And we know that many people live for decades after they go through menopause. But for a long time, researchers have wondered why that is.

If the whole goal of any organism is to pass along its genes, why live so long after you can no longer reproduce? One of the hypotheses those researchers came up with is called the "grandmother hypothesis," which says that the reason that human females live so long is to fill the social role of a grandmother, caring for her grandchildren when she’s not able to have any more children of her own. There’s just one tiny problem with this hypothesis.

It turns out humans aren’t the only species that experiences menopause. Not even close.

[♪ INTRO]

The idea that grandmothers can help improve survival rates of their grandchildren has been around since the 1980s. Grandmothers can take on some of the burden of acquiring food for nursing mothers or dependent children, or provide care for those children while mothers are out foraging.

They can also help teach children the complexities of culture and be repositories of generational knowledge.

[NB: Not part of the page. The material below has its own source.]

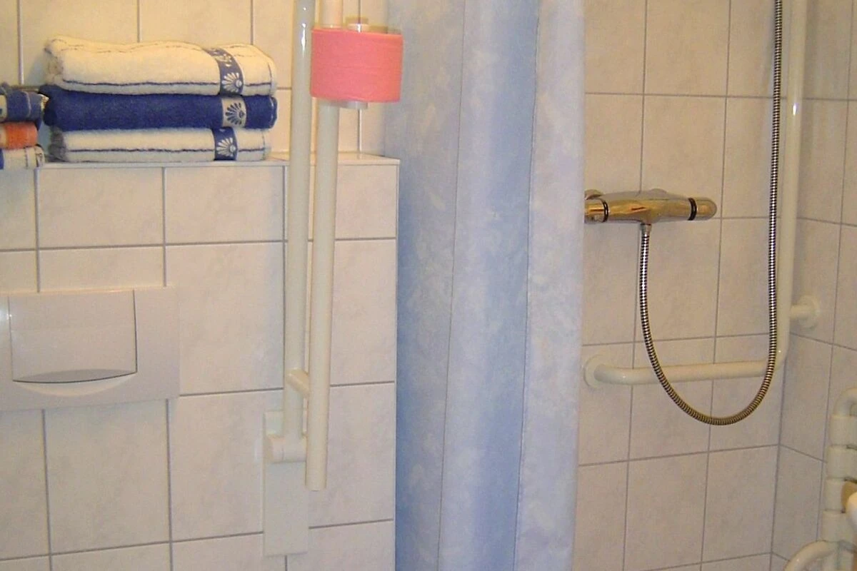 • Das Badezimmer verfügt über eine Dusche, WC und Fön

This version of the grandmother hypothesis was developed after anthropological field work with the Hadza people of northern Tanzania. In this hunter-gatherer group, postmenopausal women spent more time collecting food than women of reproductive age did.

Which makes sense. If you don’t have kids to take care of, you have more time on your hands. These Hadza grandmothers also gathered more tubers in addition to the berries that everybody would gather.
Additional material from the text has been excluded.